Step 2: Hence, we have $i^2 < i^4$ .

Step 3: We divide both sides by $i$ to get $i < i^3$ .

Step 4: We divide both sides by $i$ again to get $1 < i^2$ or, equivalently, $1 < -1$ .

Step 1 Step 2 Step 3 Step 4

4 solutions

Sravanth C.
Jan 29, 2017

Although we arrive at $i<i^3$ , it is wrong because we can't compare imaginary numbers(only their modulus can be compared). But the second step is correct because $i^2$ and $i^4$ are purely real and can be compared.

Moderator note:

$i^3 = i(i^2) = -i,$ so both $i$ and $i^3$ are red marked points on the grid above.

As they do not lie on the real number line, they cannot be compared with the standard $>$ and $<$ symbols.

Right. If $a < b$ , then $\dfrac ac < \dfrac b c$ is only true if $c$ is a positive number.

In this case, $c = i = \sqrt{-1}$ is not a positive number, thus we cannot say that $\dfrac {i^2}i < \dfrac{i^4}i$ is true.

Bonus: By Euler's formula , we know that $e^{i x} = \cos x + i \sin x$ , then $e^{\pi i} =-1$ and $e^{3\pi i} = -1$ . So $e^{\pi i } = e^{3\pi i}$ , but this means $\pi i= 3\pi i$ or $1 = 3$ ???? What went wrong?

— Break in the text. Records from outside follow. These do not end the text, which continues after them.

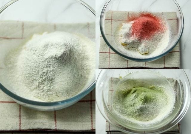 色をつけるのに今回は、緑色は抹茶、ピンク色はストロベリーパウダーを使ったので色ごとに違う味が楽しめます。
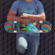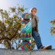 Ai Art zeigt einen farbenfrohen Disccours in den Bergen und Pinien in Blau, Orange und Grün.
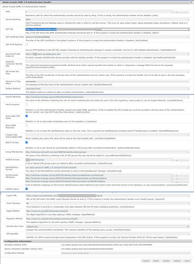 • Click to add a new config for “Adobe Granite SAML 2.0 Authentication Handler”

Pi Han Goh - 4 years, 4 months ago

I'm no math expert, but i'd say it was when you introduced e^3(pi(i)) = -1. When you multiply a number, example n, by m, and turn it into a power, the answer is never really allowed to be the same as before, whether m be positive, negative, or even surreal. I could probably think a little further and prove it, definitely, but i have a strong belief the mistake is within e^3((pi)i)

Jase Jason - 4 years, 3 months ago

Yup, you're very close! Look up "complex exponentiation" and "multivalued function".

Pi Han Goh - 4 years, 3 months ago

it's like saying cos(pi) = cos(3pi) so pi = 3pi and hence 1 = 3 and that's impossible because pi han goh :D

Mehdi K. - 3 years, 7 months ago

It cannot be concluded directly for periodic function f(x) like e^(ix) that if f(n1) = f(n2), then n1=n2. This result can only be applied to bijective functions only which is clearly not the case here.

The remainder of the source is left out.